» **Task objective**
Only the stretch below from the line holding "Τα έψαλλαν στην" through the line holding "Ideal Degree College" should be restated, word for word and with both ends included; pictures stay out.

» **Data records**
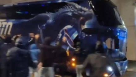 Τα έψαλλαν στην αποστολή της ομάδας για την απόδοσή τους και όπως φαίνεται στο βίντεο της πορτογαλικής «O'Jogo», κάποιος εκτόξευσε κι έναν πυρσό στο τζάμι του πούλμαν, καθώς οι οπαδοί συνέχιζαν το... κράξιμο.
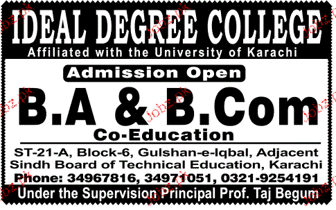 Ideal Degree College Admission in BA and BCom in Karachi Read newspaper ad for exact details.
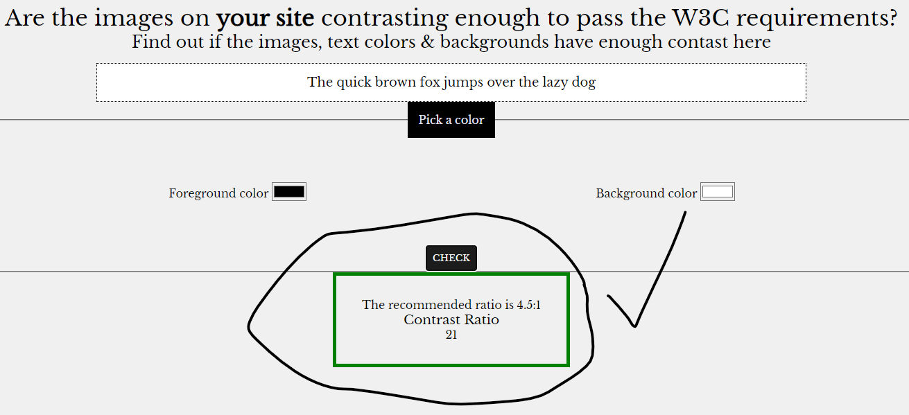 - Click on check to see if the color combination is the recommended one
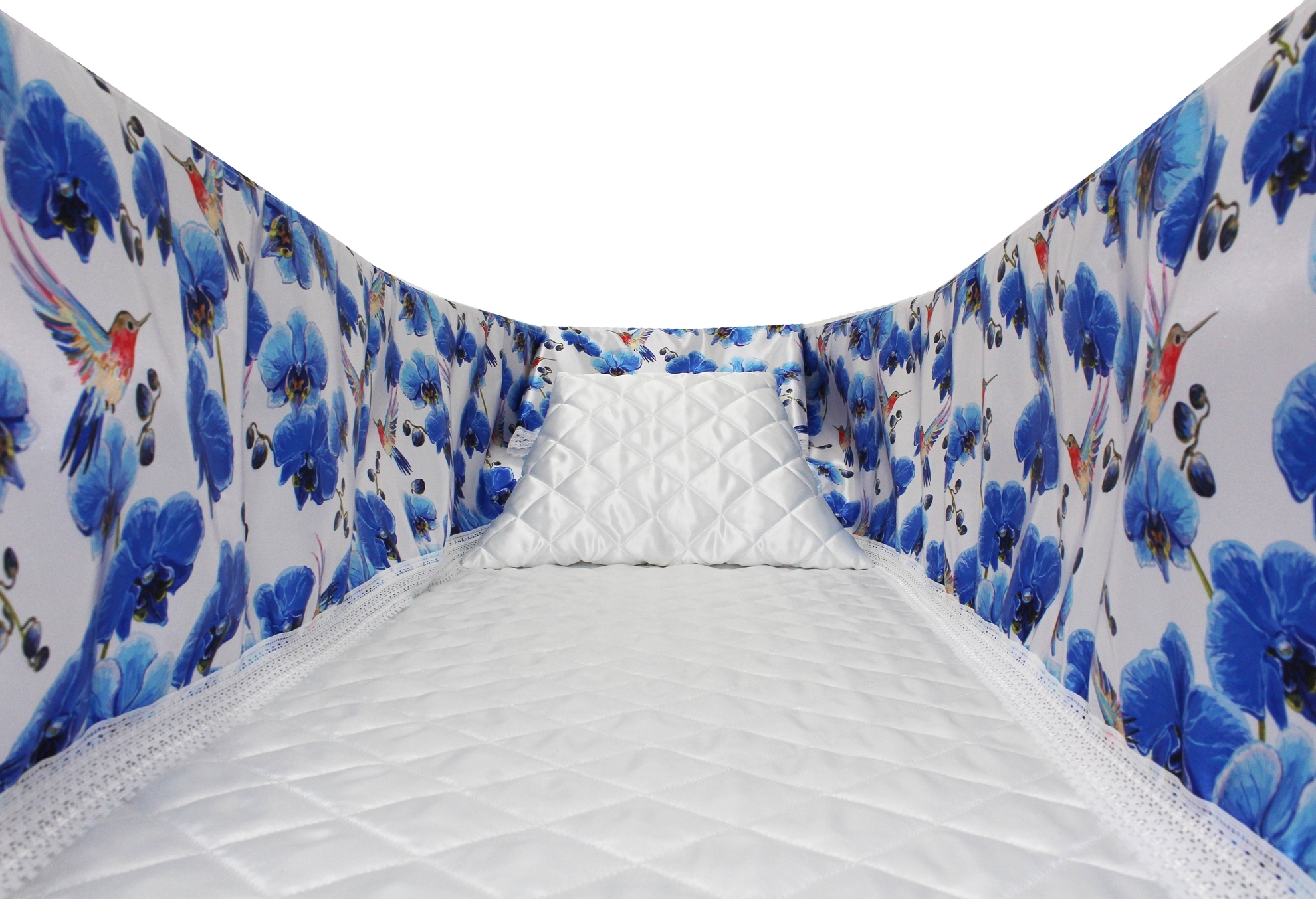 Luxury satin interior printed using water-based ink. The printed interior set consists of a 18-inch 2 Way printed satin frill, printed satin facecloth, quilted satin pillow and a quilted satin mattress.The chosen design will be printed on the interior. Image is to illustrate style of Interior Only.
--
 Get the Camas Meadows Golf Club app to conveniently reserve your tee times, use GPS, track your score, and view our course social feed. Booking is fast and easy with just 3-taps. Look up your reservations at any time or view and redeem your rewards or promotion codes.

» **Answer for the task**
 Τα έψαλλαν στην αποστολή της ομάδας για την απόδοσή τους και όπως φαίνεται στο βίντεο της πορτογαλικής «O'Jogo», κάποιος εκτόξευσε κι έναν πυρσό στο τζάμι του πούλμαν, καθώς οι οπαδοί συνέχιζαν το... κράξιμο.
 Ideal Degree College Admission in BA and BCom in Karachi Read newspaper ad for exact details.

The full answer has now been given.